*Exercise requirements*.
Return the lines of the data below starting at the one holding "Crew neckline Textured" and ending at the one holding "10Selling a Dale", word for word, leaving every picture out.

*Task input*.
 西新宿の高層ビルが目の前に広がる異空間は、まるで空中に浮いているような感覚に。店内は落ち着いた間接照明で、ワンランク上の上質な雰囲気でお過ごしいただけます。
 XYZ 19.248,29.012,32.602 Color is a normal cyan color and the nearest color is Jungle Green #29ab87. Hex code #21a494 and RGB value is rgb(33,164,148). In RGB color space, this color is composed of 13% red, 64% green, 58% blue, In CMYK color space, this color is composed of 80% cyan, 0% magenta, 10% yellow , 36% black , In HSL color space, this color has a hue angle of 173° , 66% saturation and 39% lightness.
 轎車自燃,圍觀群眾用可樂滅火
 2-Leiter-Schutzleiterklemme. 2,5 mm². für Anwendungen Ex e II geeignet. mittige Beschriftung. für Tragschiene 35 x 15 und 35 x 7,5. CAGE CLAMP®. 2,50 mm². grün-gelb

* * *

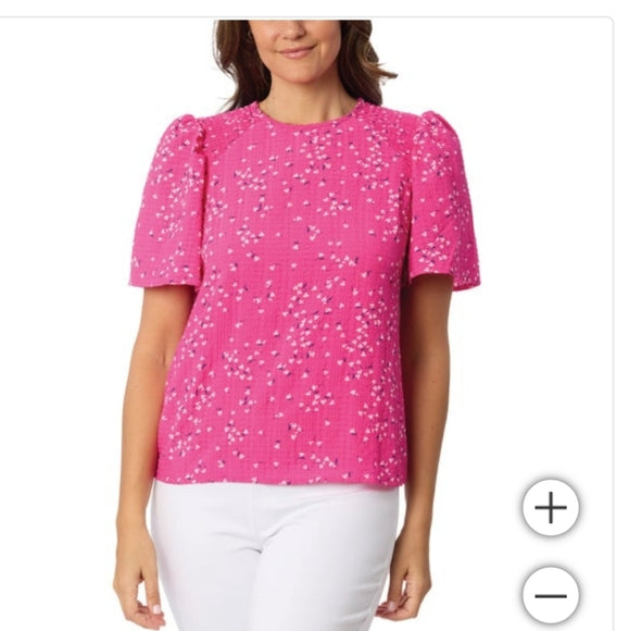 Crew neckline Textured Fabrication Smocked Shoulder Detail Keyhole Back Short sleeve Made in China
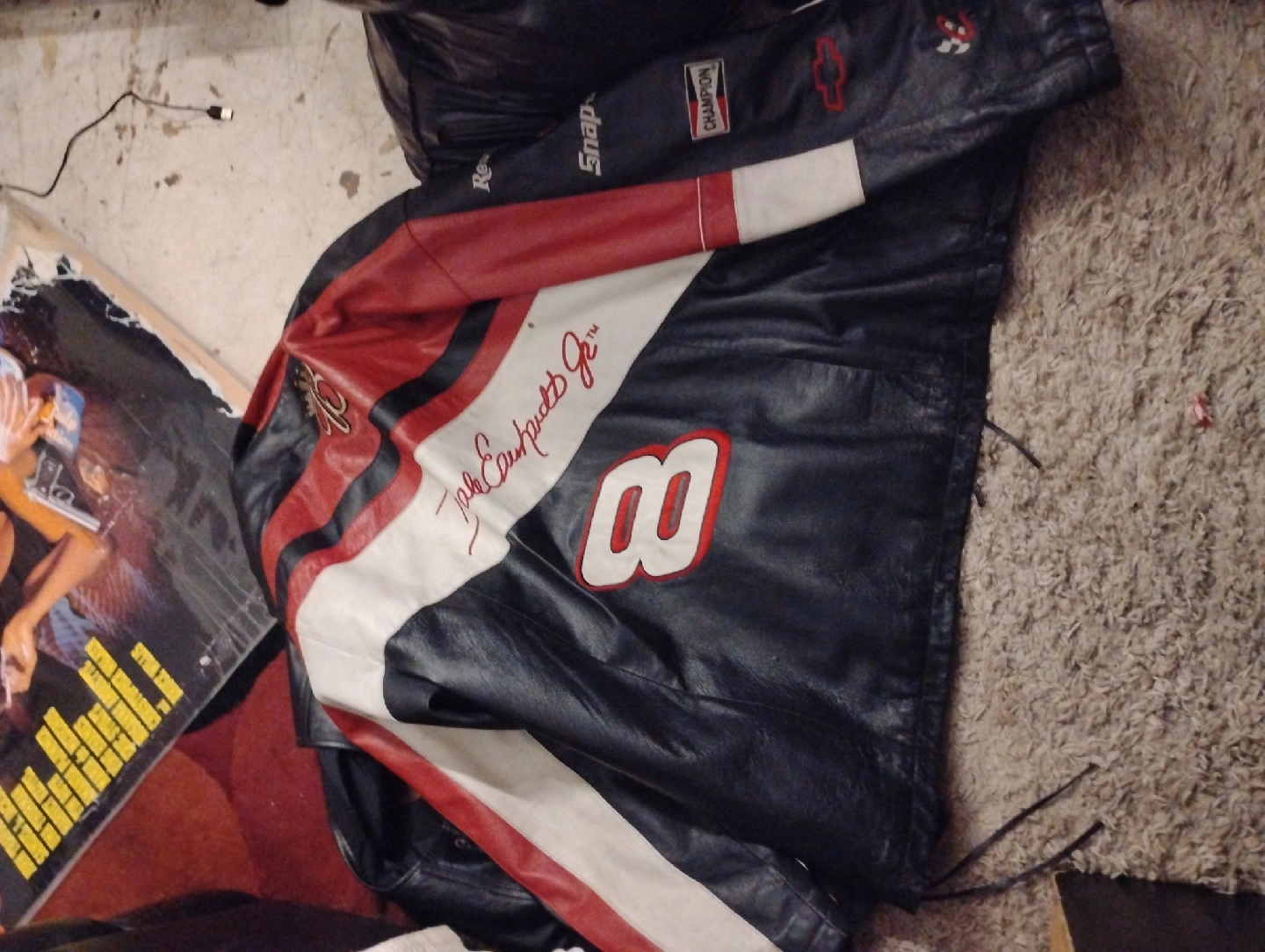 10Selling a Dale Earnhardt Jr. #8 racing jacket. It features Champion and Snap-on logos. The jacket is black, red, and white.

...

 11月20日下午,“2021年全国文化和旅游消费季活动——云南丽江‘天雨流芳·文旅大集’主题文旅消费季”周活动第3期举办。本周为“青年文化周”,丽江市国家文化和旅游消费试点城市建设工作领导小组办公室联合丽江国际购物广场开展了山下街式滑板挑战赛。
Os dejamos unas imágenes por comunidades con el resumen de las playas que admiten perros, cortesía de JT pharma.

*Expected answer*.
 Crew neckline Textured Fabrication Smocked Shoulder Detail Keyhole Back Short sleeve Made in China
 10Selling a Dale Earnhardt Jr. #8 racing jacket. It features Champion and Snap-on logos. The jacket is black, red, and white.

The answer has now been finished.